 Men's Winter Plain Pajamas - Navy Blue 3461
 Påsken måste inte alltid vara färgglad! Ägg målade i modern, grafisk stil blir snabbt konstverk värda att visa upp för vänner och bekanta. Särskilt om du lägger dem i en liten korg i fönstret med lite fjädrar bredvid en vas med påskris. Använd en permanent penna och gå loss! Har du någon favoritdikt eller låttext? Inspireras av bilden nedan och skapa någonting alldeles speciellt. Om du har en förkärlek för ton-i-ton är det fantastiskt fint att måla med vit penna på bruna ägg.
##############################
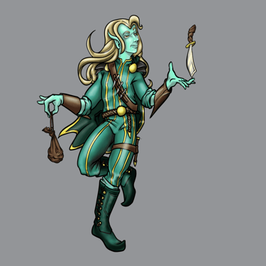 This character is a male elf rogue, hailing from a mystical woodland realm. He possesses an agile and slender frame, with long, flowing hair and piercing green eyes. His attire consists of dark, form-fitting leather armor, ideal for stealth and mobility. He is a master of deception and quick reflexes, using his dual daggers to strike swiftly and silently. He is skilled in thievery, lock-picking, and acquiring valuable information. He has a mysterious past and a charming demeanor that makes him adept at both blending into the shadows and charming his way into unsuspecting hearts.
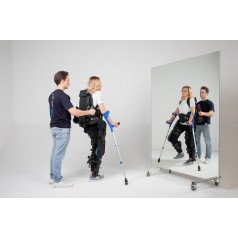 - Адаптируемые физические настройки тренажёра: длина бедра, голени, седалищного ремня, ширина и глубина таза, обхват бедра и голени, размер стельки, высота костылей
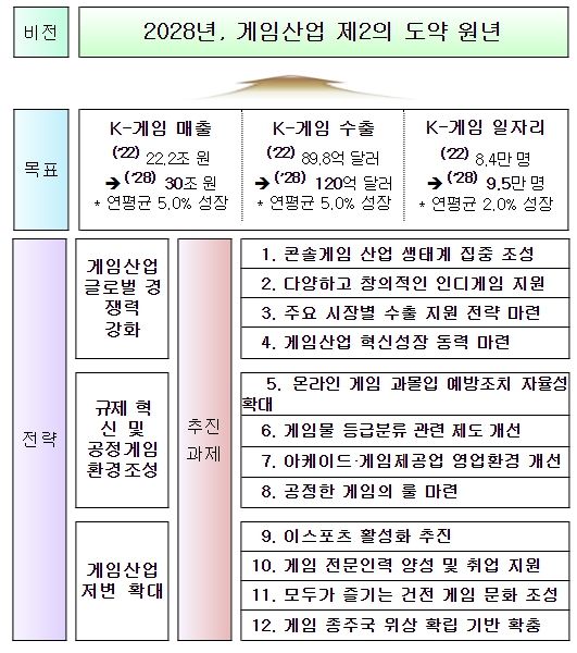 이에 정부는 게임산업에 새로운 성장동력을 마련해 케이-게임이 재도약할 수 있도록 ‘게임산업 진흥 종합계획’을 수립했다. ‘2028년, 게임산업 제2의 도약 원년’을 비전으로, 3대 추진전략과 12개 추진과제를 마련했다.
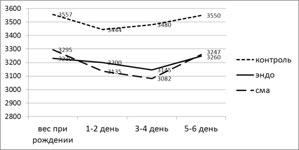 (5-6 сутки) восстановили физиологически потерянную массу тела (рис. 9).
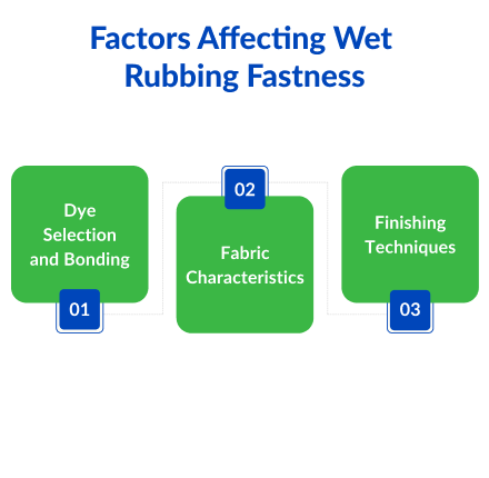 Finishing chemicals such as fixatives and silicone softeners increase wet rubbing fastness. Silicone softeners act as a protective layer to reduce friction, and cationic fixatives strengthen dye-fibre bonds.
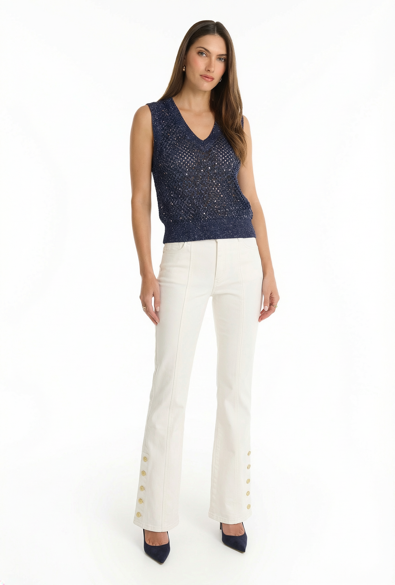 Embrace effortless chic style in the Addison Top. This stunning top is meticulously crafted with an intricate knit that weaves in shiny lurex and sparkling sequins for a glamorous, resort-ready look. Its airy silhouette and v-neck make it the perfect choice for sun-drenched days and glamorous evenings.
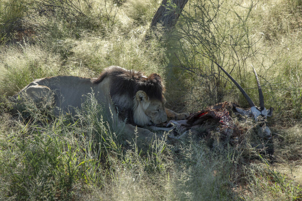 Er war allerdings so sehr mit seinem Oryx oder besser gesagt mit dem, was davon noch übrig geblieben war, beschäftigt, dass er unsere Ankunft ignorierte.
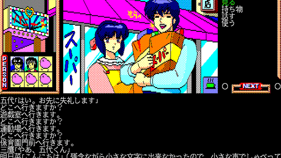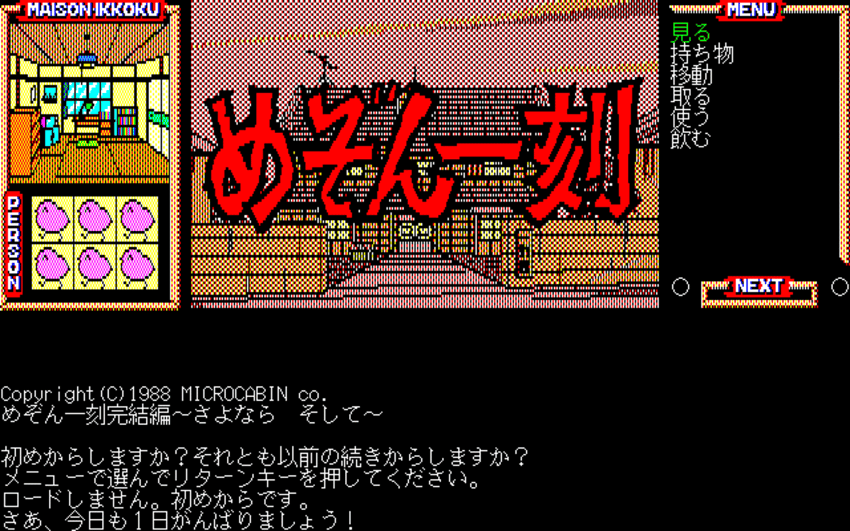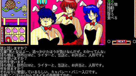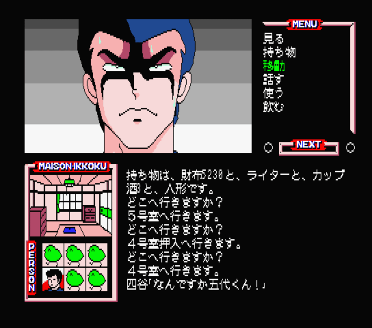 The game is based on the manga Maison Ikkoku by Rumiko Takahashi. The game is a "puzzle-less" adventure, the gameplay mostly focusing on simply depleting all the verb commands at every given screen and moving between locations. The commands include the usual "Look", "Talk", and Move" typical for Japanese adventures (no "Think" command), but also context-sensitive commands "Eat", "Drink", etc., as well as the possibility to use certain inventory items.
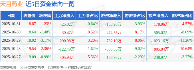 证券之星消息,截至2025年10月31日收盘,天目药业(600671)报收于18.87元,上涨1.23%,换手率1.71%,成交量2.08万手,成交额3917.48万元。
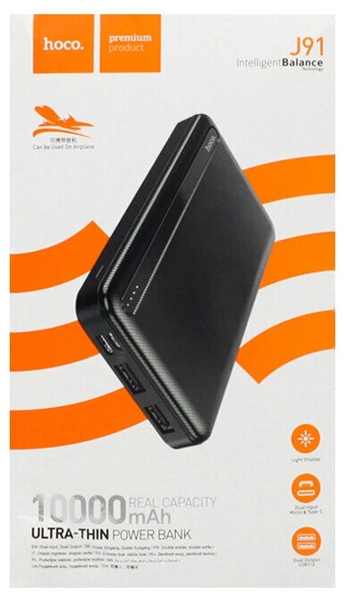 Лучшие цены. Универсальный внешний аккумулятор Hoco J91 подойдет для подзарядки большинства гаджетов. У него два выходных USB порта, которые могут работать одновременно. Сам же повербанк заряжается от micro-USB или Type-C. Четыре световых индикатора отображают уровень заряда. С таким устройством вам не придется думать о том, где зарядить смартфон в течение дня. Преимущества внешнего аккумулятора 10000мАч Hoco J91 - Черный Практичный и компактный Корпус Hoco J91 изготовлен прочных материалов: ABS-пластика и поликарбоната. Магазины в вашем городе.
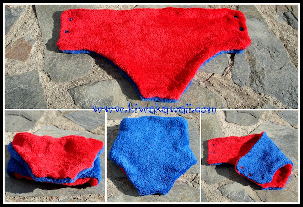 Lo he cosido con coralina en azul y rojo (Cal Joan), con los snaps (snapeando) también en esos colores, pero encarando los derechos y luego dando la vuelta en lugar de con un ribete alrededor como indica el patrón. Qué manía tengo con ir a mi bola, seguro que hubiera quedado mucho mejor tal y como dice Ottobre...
##############################
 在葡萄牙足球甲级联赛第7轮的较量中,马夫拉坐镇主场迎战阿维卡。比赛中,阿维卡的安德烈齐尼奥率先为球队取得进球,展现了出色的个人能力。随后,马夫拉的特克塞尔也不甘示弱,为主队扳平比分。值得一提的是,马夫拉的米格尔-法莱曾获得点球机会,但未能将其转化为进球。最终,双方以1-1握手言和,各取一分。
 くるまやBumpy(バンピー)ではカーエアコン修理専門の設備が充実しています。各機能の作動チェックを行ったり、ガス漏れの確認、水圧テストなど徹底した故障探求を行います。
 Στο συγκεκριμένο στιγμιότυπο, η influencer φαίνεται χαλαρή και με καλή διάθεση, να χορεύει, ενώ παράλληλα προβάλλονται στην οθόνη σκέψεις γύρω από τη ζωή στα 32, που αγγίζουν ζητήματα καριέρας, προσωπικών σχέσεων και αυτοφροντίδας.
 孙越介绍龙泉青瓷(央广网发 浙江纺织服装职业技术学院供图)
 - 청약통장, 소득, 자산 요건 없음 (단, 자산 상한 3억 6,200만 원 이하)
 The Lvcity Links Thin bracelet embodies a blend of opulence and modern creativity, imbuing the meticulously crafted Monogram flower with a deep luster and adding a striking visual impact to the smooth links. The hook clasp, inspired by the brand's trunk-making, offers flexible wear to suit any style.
##############################
ASSIGNMENT — There is a line with "くるまやBumpy(バンピー" and a line with "- 청약통장, 소득, 자산" above. Copy exactly those two lines and all lines between them, with nothing else.

EXPECTED ANSWER —
 くるまやBumpy(バンピー)ではカーエアコン修理専門の設備が充実しています。各機能の作動チェックを行ったり、ガス漏れの確認、水圧テストなど徹底した故障探求を行います。
 Στο συγκεκριμένο στιγμιότυπο, η influencer φαίνεται χαλαρή και με καλή διάθεση, να χορεύει, ενώ παράλληλα προβάλλονται στην οθόνη σκέψεις γύρω από τη ζωή στα 32, που αγγίζουν ζητήματα καριέρας, προσωπικών σχέσεων και αυτοφροντίδας.
 孙越介绍龙泉青瓷(央广网发 浙江纺织服装职业技术学院供图)
 - 청약통장, 소득, 자산 요건 없음 (단, 자산 상한 3억 6,200만 원 이하)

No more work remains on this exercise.